_TASK INPUT_
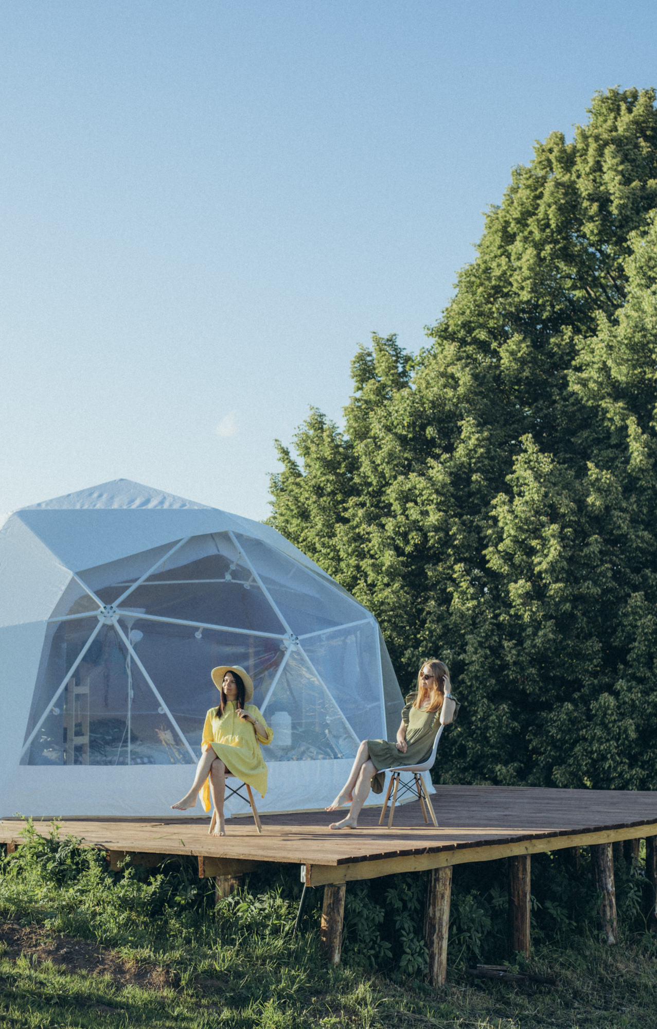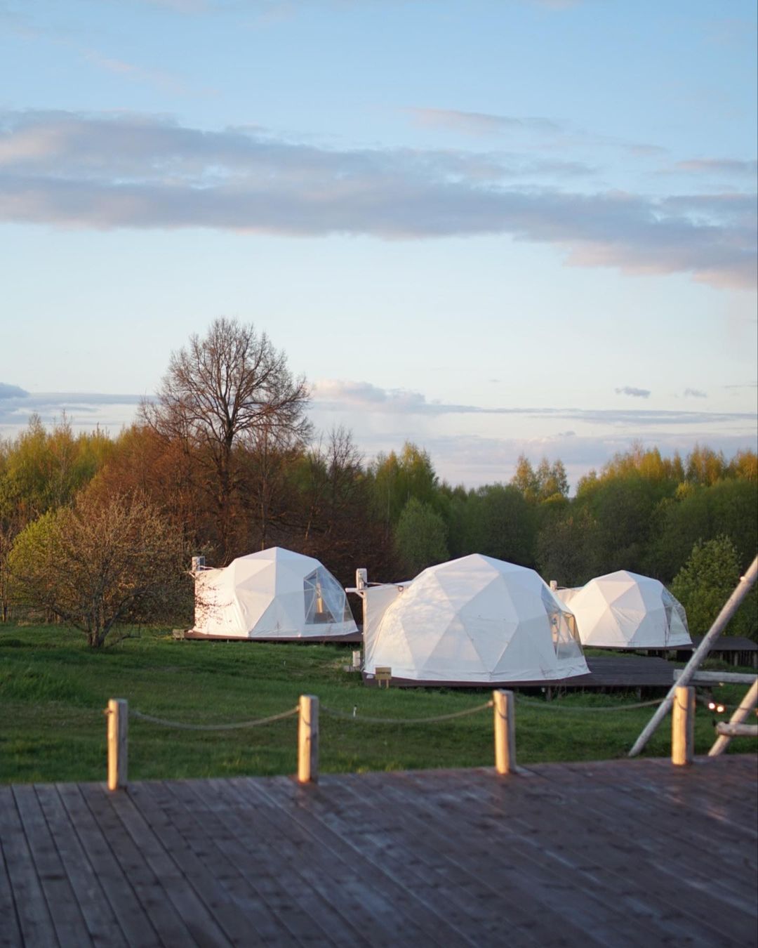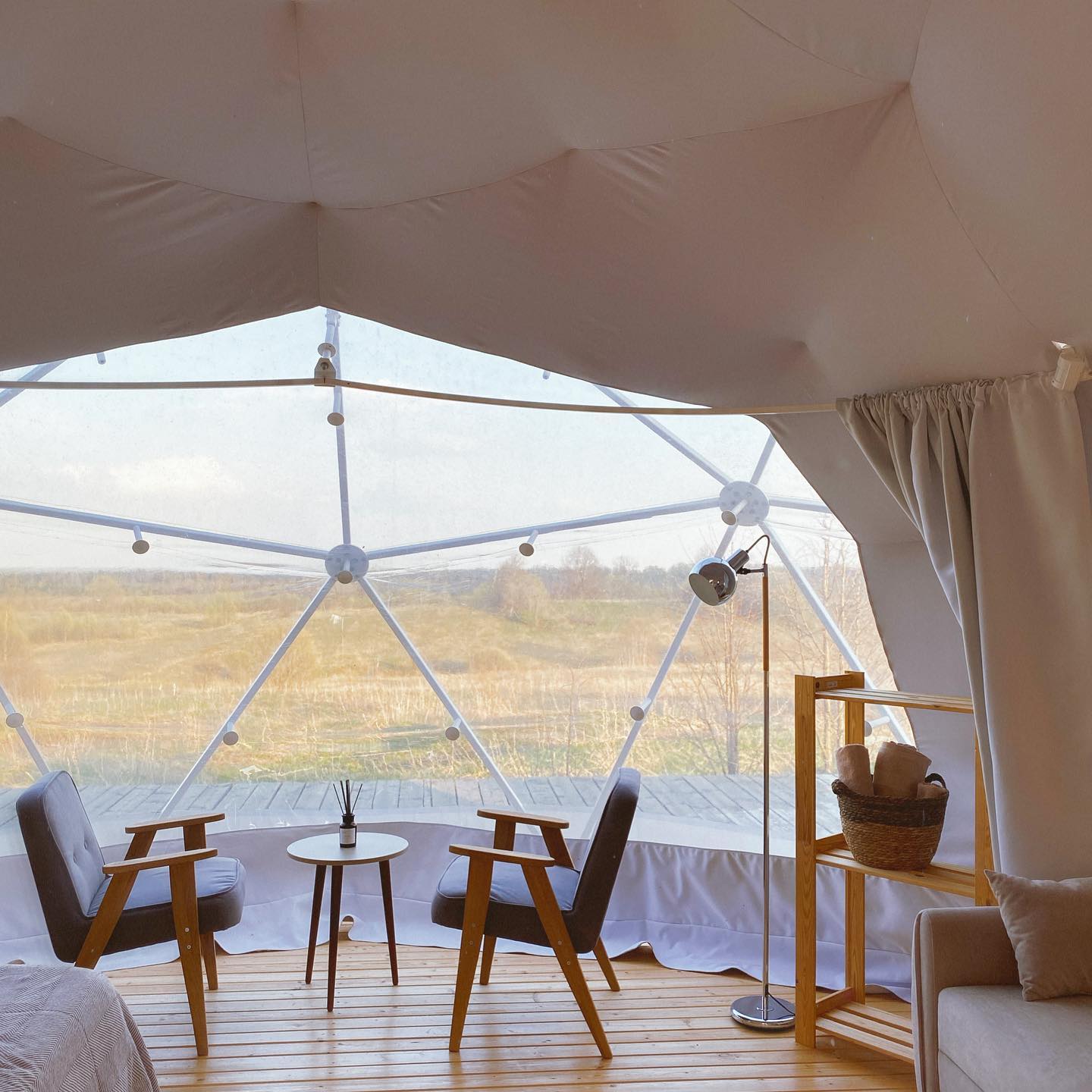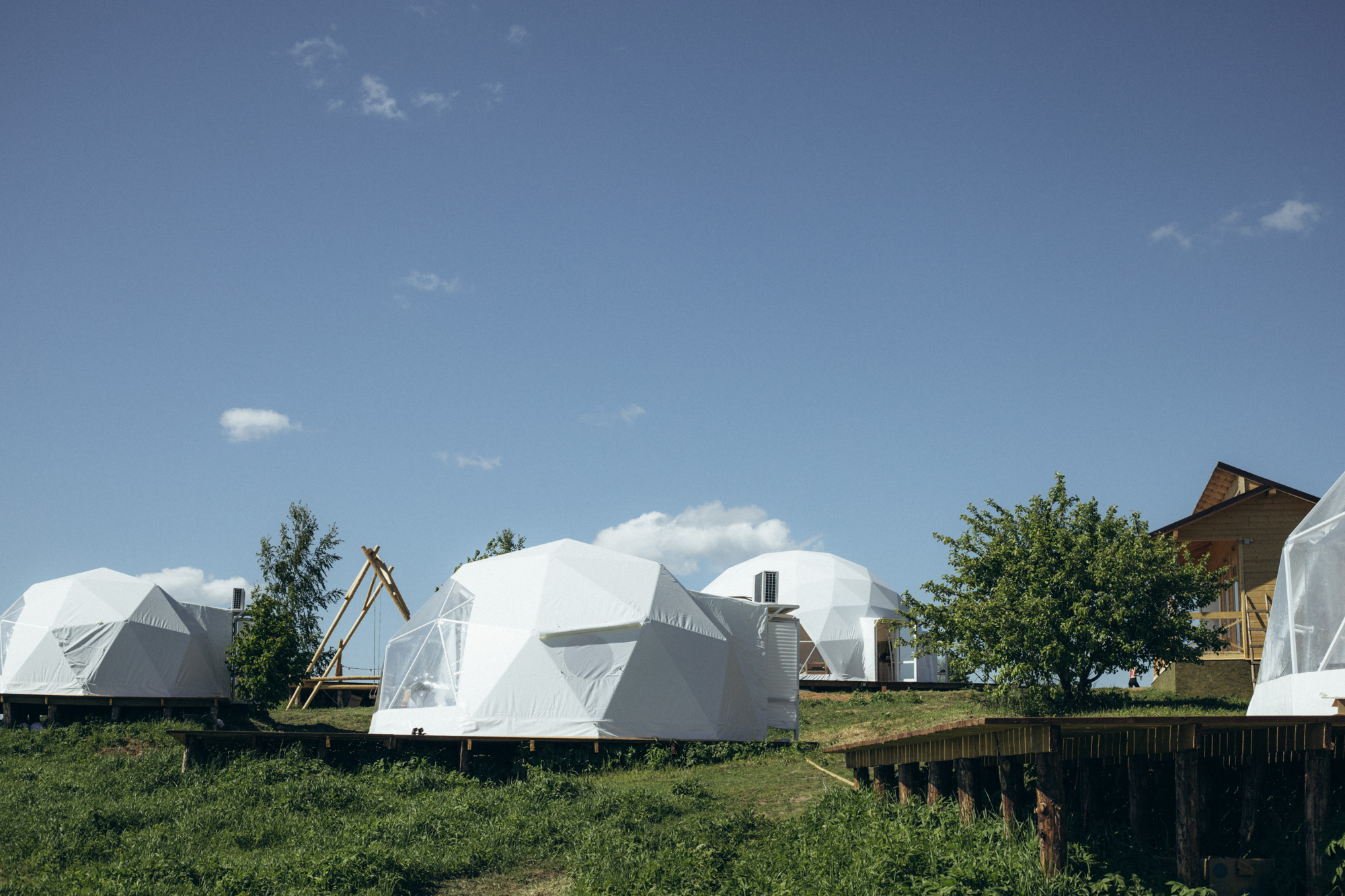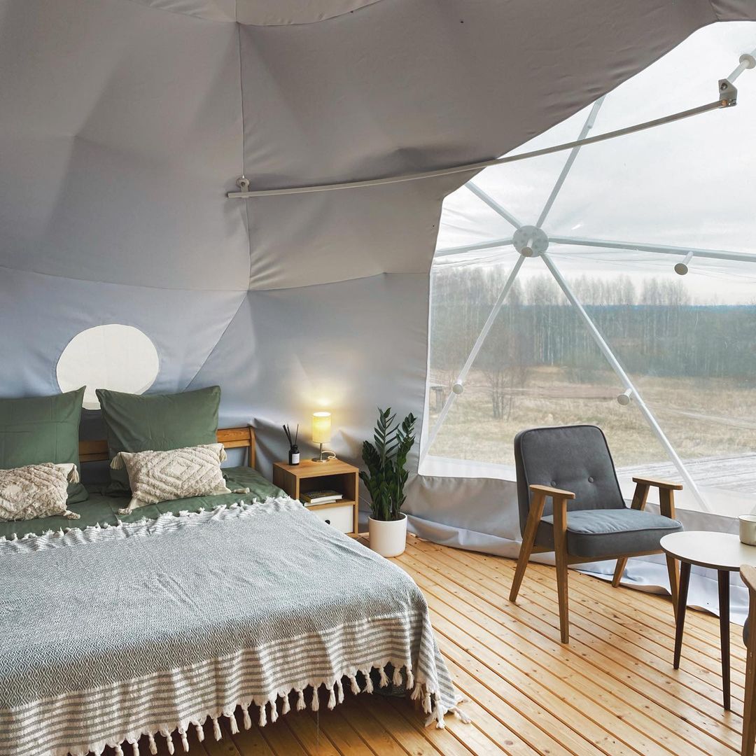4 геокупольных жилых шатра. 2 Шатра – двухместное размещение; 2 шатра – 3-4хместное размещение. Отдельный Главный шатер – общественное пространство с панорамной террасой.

--

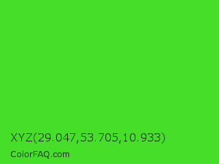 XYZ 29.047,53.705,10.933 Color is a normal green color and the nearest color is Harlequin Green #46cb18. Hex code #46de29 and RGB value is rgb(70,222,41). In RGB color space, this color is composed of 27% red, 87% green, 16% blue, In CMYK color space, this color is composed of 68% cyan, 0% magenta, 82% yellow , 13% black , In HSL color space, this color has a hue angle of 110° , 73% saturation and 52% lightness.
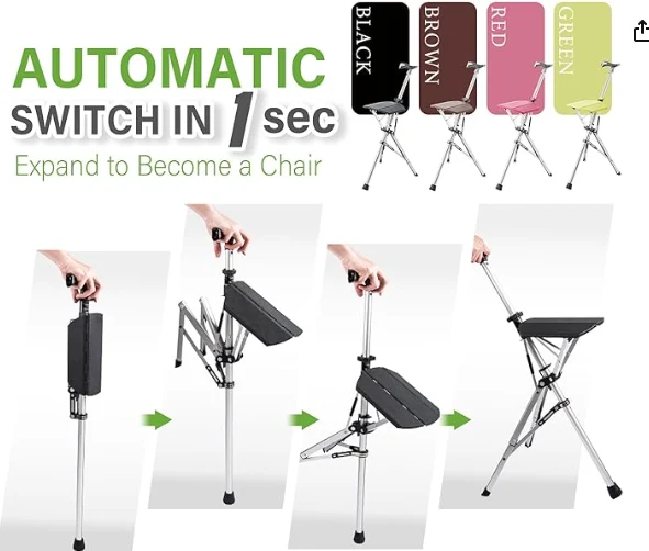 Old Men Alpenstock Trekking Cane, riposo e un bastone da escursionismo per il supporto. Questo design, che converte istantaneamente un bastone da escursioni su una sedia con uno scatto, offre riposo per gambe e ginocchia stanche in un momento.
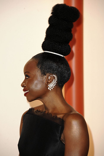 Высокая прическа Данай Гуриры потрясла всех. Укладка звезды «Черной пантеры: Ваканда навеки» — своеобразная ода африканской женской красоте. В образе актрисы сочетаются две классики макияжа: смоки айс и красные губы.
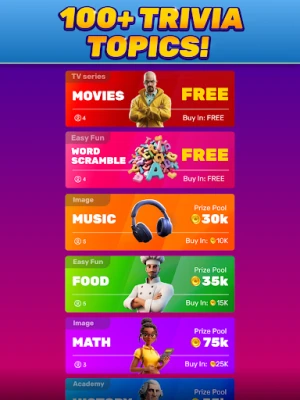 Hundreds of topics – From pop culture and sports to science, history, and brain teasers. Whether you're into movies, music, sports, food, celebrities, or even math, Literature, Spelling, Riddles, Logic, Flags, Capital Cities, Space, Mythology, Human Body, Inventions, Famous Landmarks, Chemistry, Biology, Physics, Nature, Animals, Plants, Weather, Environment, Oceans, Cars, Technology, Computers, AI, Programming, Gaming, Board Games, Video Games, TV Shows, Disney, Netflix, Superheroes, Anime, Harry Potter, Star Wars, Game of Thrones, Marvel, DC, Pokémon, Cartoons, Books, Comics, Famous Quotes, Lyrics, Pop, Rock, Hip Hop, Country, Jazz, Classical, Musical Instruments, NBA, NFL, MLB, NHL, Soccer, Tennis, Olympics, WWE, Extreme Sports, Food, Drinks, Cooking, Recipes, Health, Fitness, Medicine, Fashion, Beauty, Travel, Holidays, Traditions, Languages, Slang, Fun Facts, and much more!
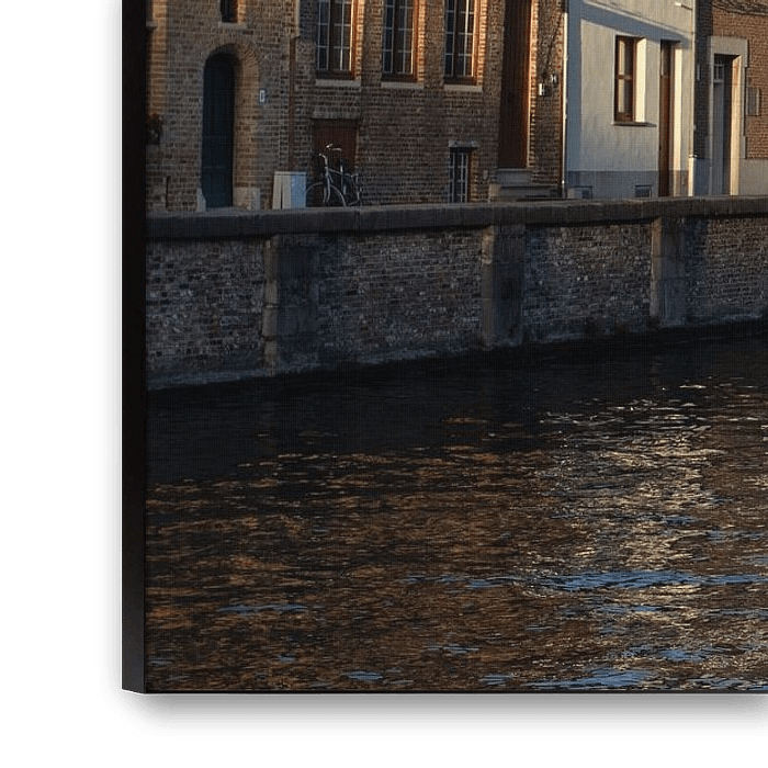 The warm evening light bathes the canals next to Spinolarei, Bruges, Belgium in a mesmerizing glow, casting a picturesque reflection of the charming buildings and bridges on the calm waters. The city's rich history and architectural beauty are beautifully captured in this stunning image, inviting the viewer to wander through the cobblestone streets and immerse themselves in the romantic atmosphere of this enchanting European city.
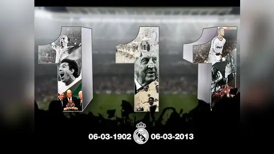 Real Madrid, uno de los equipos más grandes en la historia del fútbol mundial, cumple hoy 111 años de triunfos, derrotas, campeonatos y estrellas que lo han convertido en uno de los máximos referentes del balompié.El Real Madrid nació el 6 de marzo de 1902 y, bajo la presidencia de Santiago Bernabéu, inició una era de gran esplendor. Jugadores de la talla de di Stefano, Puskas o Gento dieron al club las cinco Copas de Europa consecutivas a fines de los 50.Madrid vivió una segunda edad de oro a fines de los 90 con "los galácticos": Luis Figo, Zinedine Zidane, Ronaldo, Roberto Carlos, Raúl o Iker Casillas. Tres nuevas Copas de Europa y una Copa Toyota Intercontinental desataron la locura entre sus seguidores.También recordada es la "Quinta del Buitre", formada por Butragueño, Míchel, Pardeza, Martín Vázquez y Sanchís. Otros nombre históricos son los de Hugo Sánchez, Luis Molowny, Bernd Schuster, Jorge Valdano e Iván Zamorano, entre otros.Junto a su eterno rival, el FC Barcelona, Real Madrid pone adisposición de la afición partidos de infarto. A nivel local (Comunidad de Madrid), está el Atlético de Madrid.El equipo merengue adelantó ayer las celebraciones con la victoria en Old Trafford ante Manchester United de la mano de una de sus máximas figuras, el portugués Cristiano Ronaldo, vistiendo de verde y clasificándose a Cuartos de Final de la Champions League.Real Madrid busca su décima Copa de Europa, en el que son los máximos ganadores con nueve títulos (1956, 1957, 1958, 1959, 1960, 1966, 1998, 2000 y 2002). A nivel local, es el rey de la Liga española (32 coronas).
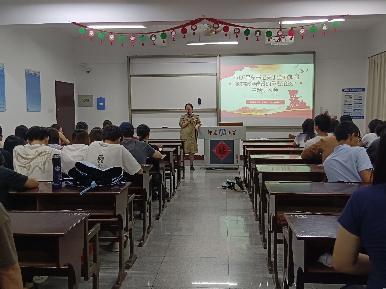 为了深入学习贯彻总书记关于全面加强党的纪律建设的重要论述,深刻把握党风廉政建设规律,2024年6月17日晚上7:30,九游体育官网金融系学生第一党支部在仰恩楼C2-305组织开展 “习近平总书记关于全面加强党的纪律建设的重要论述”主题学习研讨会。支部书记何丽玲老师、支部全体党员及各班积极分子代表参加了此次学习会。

...

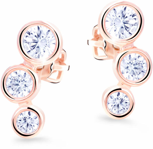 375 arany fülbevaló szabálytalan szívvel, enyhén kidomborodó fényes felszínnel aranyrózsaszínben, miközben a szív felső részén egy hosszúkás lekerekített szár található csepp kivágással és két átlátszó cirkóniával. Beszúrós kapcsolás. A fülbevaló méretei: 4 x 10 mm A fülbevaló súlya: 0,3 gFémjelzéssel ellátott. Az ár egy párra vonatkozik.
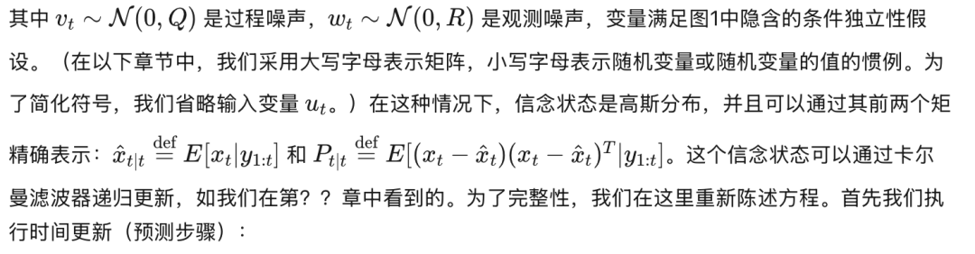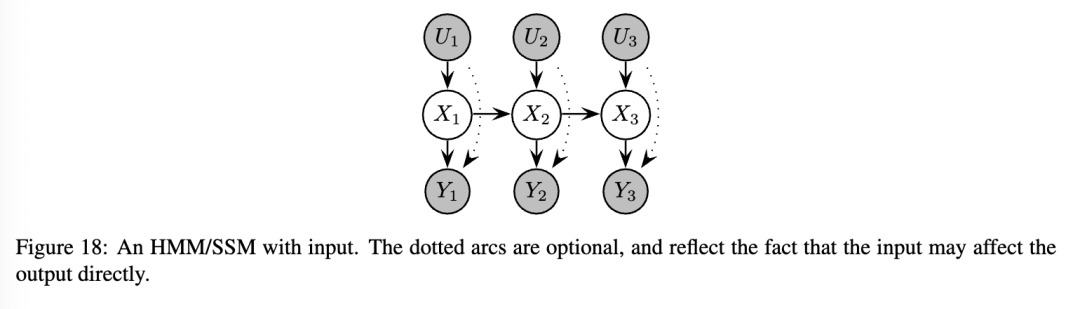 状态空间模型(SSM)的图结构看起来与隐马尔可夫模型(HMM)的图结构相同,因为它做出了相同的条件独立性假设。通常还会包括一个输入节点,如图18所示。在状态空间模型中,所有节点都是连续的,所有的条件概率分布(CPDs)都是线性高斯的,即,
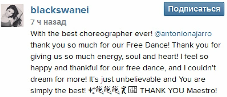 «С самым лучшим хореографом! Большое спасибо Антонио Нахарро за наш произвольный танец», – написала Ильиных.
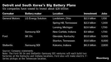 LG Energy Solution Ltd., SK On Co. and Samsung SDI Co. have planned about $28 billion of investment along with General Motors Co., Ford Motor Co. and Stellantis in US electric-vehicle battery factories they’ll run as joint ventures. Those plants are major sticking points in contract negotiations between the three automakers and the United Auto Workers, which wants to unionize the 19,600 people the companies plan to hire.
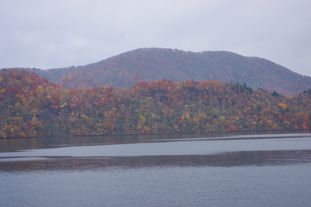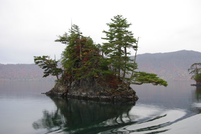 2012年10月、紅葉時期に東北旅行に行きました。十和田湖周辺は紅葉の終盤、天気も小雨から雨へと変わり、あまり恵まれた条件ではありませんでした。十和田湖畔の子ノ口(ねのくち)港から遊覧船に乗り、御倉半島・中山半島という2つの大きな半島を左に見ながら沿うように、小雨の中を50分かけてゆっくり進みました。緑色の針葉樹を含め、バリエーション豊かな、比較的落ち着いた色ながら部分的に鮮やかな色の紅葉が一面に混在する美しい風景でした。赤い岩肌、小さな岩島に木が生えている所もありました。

_WHAT YOU SHOULD DO_
Would you transcribe the lines above exactly, going from the line bearing "LG Energy Solution" through the line bearing "2012年10月、紅葉時期に", and drop the pictures from the copy?

_ANSWER AREA_
 LG Energy Solution Ltd., SK On Co. and Samsung SDI Co. have planned about $28 billion of investment along with General Motors Co., Ford Motor Co. and Stellantis in US electric-vehicle battery factories they’ll run as joint ventures. Those plants are major sticking points in contract negotiations between the three automakers and the United Auto Workers, which wants to unionize the 19,600 people the companies plan to hire.
 2012年10月、紅葉時期に東北旅行に行きました。十和田湖周辺は紅葉の終盤、天気も小雨から雨へと変わり、あまり恵まれた条件ではありませんでした。十和田湖畔の子ノ口(ねのくち)港から遊覧船に乗り、御倉半島・中山半島という2つの大きな半島を左に見ながら沿うように、小雨の中を50分かけてゆっくり進みました。緑色の針葉樹を含め、バリエーション豊かな、比較的落ち着いた色ながら部分的に鮮やかな色の紅葉が一面に混在する美しい風景でした。赤い岩肌、小さな岩島に木が生えている所もありました。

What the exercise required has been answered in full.